Манефа - Василий Дворцов 7 стр.


Оленьке было тогда пять лет. Жили они - отец, мать, она и только что родившийся братик - на хуторе, отстоявшем от ближайшей деревни километра на два. Да и деревня та, с громким именем Барское, сама насчитывала всего десятка три скученных меж болотистых перелесков стариковских полузабытых всеми дворов, заметаемых в непроглядность и суровую скудость Русского Севера то белым снегом, то сизыми туманными дождями. Временами непроходимая и непроезжая, полевая дорожка подходила к высокому с мезонином и резными ставнями дому, прикрывающему собой стайку, сенник, баню и иные необходимые в самостоятельном хозяйстве постройки. Далее до самого тальникового болота вытянулся огород. Хуторная жизнь была не судьбой, не некой роковой случайностью, а личным выбором, гордой крепостью под флагом непреклонной отцовской воли. Как дед в своё время не поддался на коллективизацию, оттрубив за это в Соловках свои четыре года, так и отец, вернувшись со флота и встав на ноги, не захотел знать мира. Жил самобытно не от жадности, а из-за характера. Чтоб никому не кланяться. Работал он на железнодорожной станции в Сокольском, ходил на работу через лес почти пятнадцать вёрст и не жаловался. Работа была суточной, с трёхдневным перерывом. Мать следила за детьми, управляла немалое хозяйство и во всём всегда соглашалась с мужем. Он, когда-то самый лихой гармонист во всей округе, с годами растерял бойкую весёлость, зачурался любого общества, стал с чужими молчалив до немоты. Но по субботам обязательно расчехлял зелено-перламутровую, с цветными мехами гармонь и, сев около накрытого ужином стола, начинал с "подгорной". Застывала в сковороде чуть отклёванная с краю картошка, чёрнел в эмалированной кружке чаговый чай, а гармонь, вздыхая и эхая, переливалась от "златых гор" к "яблочку". С матерью на пару они пели до глубокой ночи то весёлые, то жалостливые песни, сами себе смеясь и плача. Оленька так и запомнила их: отец склоняет голову к постукивающим пуговкам-клавишам, чёрный чуб закрывает лицо, а за спиной у него стоит мать, положив руки на плечи, и поёт, отстранено глядя куда-то сквозь потолок.

Были они верующие? В церковь не ходили, - да и некуда было, - но икона в углу на полочке стояла всегда, украшенная вологодской вышивкой, не взирая ни на какую правящую идеологию. Да ещё мама всегда точно помнила, какой когда церковный праздник, и готовила то пирог, то кулич, а то и гуся. Но не постилась и молилась редко, по особому случаю. Как прижмёт.

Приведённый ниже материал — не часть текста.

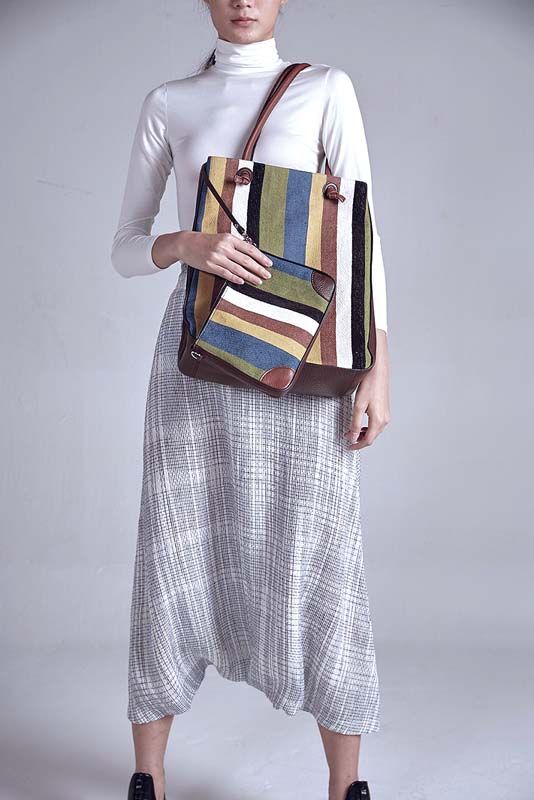 กุลวิทย์ เลาสุขศรี อีกหนึ่งศิลปินรับเชิญมากไอเดีย ที่มาร่วมออกแบบกระเป๋าสะพาย (Leather Bag) พร้อมกับกระเป๋าใบเล็กด้านในและสายยาว ตอบโจทย์ไลฟ์สไตล์คนเมือง ทำจากผ้าฝ้ายและกัญชงให้สัมผัสนุ่มและด้าน ในเวลาเดียวกัน เติมสีสัน ลวดลายและคู่สีลงบนผ้าทอมืออันประณีตจากช่างฝีมือชาวดอยตุง แล้วเพิ่มความพิเศษอีกขั้นด้วยหนังวัวแท้ บริเวณสายและด้านข้างของกระเป๋า โดยมีแรงบันดาลใจในการออกแบบมาจากเครื่องแต่งกายชนเผ่าชาวอาข่า ถือเป็นอีกหนึ่งไอเท็มที่ช่วยเติมสีสันในการใช้ชีวิตประจำวันให้สนุกยิ่งขึ้น
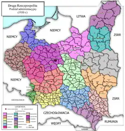 A divisão administrativa da Segunda República da Polônia ocorreu logo após a Polônia recuperar sua independência como conseqüência do término da Primeira Guerra Mundial, em 1918. A Polônia havia sido particionada ainda no final do século XVIII, e várias partes do novo território polonês possuíam estruturas administrativas diferentes por terem pertencido anteriormente a formas diferenciadas de administração (Império Austríaco, Alemanha Imperial e Império Russo). Em 1919 foram criadas as primeiras voivodias polonesas do entre-guerras, além disso, a capital Varsóvia tinha a qualidade de cidade independente e ao mesmo tempo voivodia. Nos anos 1919-1921 foram criadas novas voivodias, uma vez que as novas fronteiras da Polônia não estavam ainda consolidadas, com eventos como a Revolta da Silésia, no oeste e a Guerra polaco-soviética, a leste, posteriormente, em 1921 a Polônia teria 15 voivodias, Varsóvia, a capital, uma cidade-voivodia e a voivodia Autônoma da Silésia (o sistema conhecido como 15+1+1). O nível inferior de administração, logo abaixo das voivodias, era os powiaty. Eles foram objeto de várias reformas, sobretudo no início e final da década de 1930. Abaixo deles estavam as gminy e as gromady. Pouco antes da Segunda Guerra Mundial, em abril de 1939, a Polônia tinha 264 powiaty, 611 gminy urbanas e 3.195 rurais e 40.533 gromady.
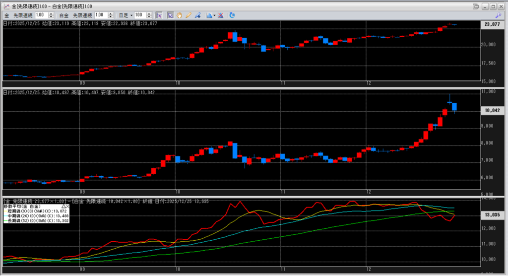 下記に金白金鞘の移動平均線のチャートを貼り付けています。
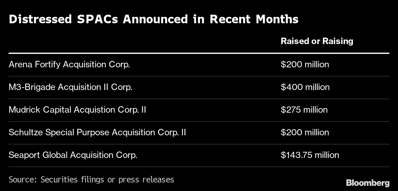 That’s not to say distressed specialists who’ve listed SPACs are giving up. Many of them started trading in recent months, when distressed investors already faced an uphill climb. They’re focused on companies that went through bankruptcy last year.
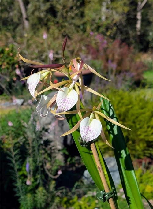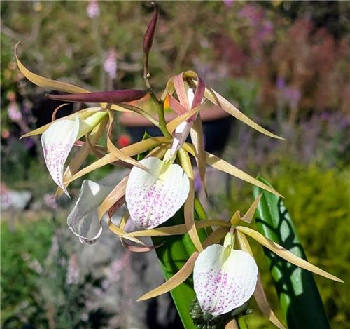 Each flower spike produces 5-10 flowers. The flowers are 2-3" across and 3-4" top to bottom. The narrow petals and sepals are a warm gold color, and the huge white, spade-shaped lip is decorated with purple dots that are concentrated near the tip.

Приезжавшая осенью на месяц помогать с новорождённым, бабушка Нюра выучила с Оленькой "Отче наш" и "Богородице Дево", понарассказывала громким шёпотом перед сном про Боженьку и Николу-угодника, попугала страшным судом и мытарствами. Но потом отец разворчался, чтобы ребёнку "голову не морочили", а то в школе комсомольцы умучают, и на этом всё религиозное образование закончилось.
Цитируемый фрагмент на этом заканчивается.